Словом, первый сезон в ЦСКА для нас с Петровым сложился удачно. Казалось бы, чего еще нужно новичкам, получившим твердое место в основном составе команды. Радуйся, да и только. Но радости почему-то не было. Хоть наша тройка и играла успешно, однако настоящей тройкой в строгом смысле этого слова мы не были. Не были потому, что между нами не существовало равенства: двое молодых хоккеистов должны были подыгрывать опытнейшему, зрелому мастеру. По классу игры мы не могли равняться с Александровым и поэтому психологически настраивались на подыгрывание.
К тому же и характер у Александрова оказался не из легких. Когда игра «шла», когда все получалось, все недоразумения исчезали, отходили на второй план. Но стоило нам с Володей где-то ошибиться, как Вениамин тут же во всеуслышание высказывал свое недовольство. Конечно, замечания такого прославленного хоккеиста по сути своей были верны, однако форму их выражения он выбирал для нас обидную. Разумеется, тренеры ЦСКА не могли не видеть этого психологического конфликта. Они испробовали все средства, чтобы погасить «пожар», но ничего из этого не получалось. И тогда они решили провести на нашей тройке хирургическую операцию. Однажды вместо Вениамина Александрова на лед вместе с нами вышел девятнадцатилетний Валерий Харламов.
Харламов играл в ЦСКА с юных лет. Прошел через все клубные команды — детские, юношеские, молодежную. Но когда настала пора выпуска, места молодому, талантливому хоккеисту в основном составе ЦСКА не нашлось. И в ноябре 1967 года его отправили на стажировку в одну из армейских команд — «Звезду», выступавшую во второй лиге чемпионата страны. Там Харламов проявил себя с самой лучшей стороны, без гола с поля не уходил. И весной 1968 года его вернули в ЦСКА.

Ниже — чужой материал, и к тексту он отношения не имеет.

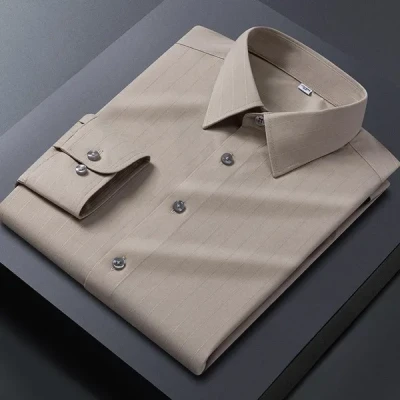 Mens Strips Shirts Formal Business Long Sleeves Bamboo Casual Shirts Tops

Нас часто спрашивали — и порознь, и всех троих вместе — о том, как была создана тройка, которая прожила в хоккее долгую и счастливую жизнь. Причем одни ссылаются на авторитет Анатолия Владимировича Тарасов, много раз говорившего и писавшего о том, что создание нашего звена было хорошо продумано. Другие, наоборот, в качестве аргумента приводят слова Бориса Александровича Майорова из его книги «Я смотрю хоккей», где он писал, что Тарасов и не планировал создания ударного звена в составе Михайлова, Петрова, Харламова, что, дескать, последний попал в тройку случайно и что она вдруг заиграла... к удивлению самого Тарасова. Где же истина? Думаю, что прав все же Тарасов. И чтобы покончить со всеми этими разговорами, расскажу по порядку, как же создавалась наша тройка.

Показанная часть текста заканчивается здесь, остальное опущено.